One key challenge in training a segmentation model is that it requires large-scale and fine annotations. However, collecting fine tissue-level annotations for biopsy images is an onerous, exhaustive, and expensive task because of the sheer size of biopsy images and the fact that domain experts are required for annotations. As a result, full annotation of the whole slide image (WSI) for large datasets is the leading limitation of medical imaging research. This work introduces a simple two-step approach for learning representations with coarse and sparse labels. The overview of our approach is shown in Fig. 1. The core principle is to segment larger and smaller entities separately, allowing us to segment images with good accuracy.

Fig. 1
figure 1

Overview of our approach. The image first goes to stage 1, and the segmentation mask of entities (COR, stratum corneum; EP, epidermis; DE, dermis; BG, background; and UL, unlabeled) in stage 1 is generated. Then this mask is used to remove the epidermis from stage 2-Dermis input and remove the dermis from stage 2-Epidermis input. The modified images are fed to their corresponding trained model. Stage 2-Dermis generates the segmentation masks of entities present in the dermis (DMN, dermal nests), and stage 2-Epidermis generates the entities in the epidermis (EPN, epidermal nests).
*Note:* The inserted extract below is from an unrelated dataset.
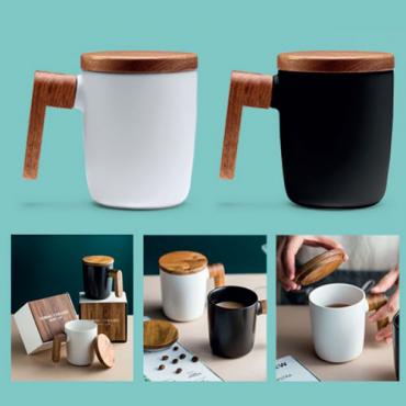 La tasse élégante de 350 avec une poignée pratique et un couvercle en bambou.

In the end, stage 2-Dermis and stage 2-Epidermis segmentation masks are overlaid on the stage 1 mask, and the final tissue-level segmentation mask is generated

Related Work

Various approaches have been developed to overcome imperfect and limited data annotation and vary with the specific challenges posed by the specific dataset on which they were developed.

When a small portion of an image is fully annotated, different methods of augmentation have proven to be helpful. [8] showed that data augmentation by adjusting image quality produces performance gain in magnetic resonance imaging (MRI), especially image sharpening through the application of unsharp masking, which has the largest improvement. In another study, [9] proposed asymmetric mixup that turns soft labels generated by mixup into hard labels, which improves the segmentation of brain tumors according to their experiments.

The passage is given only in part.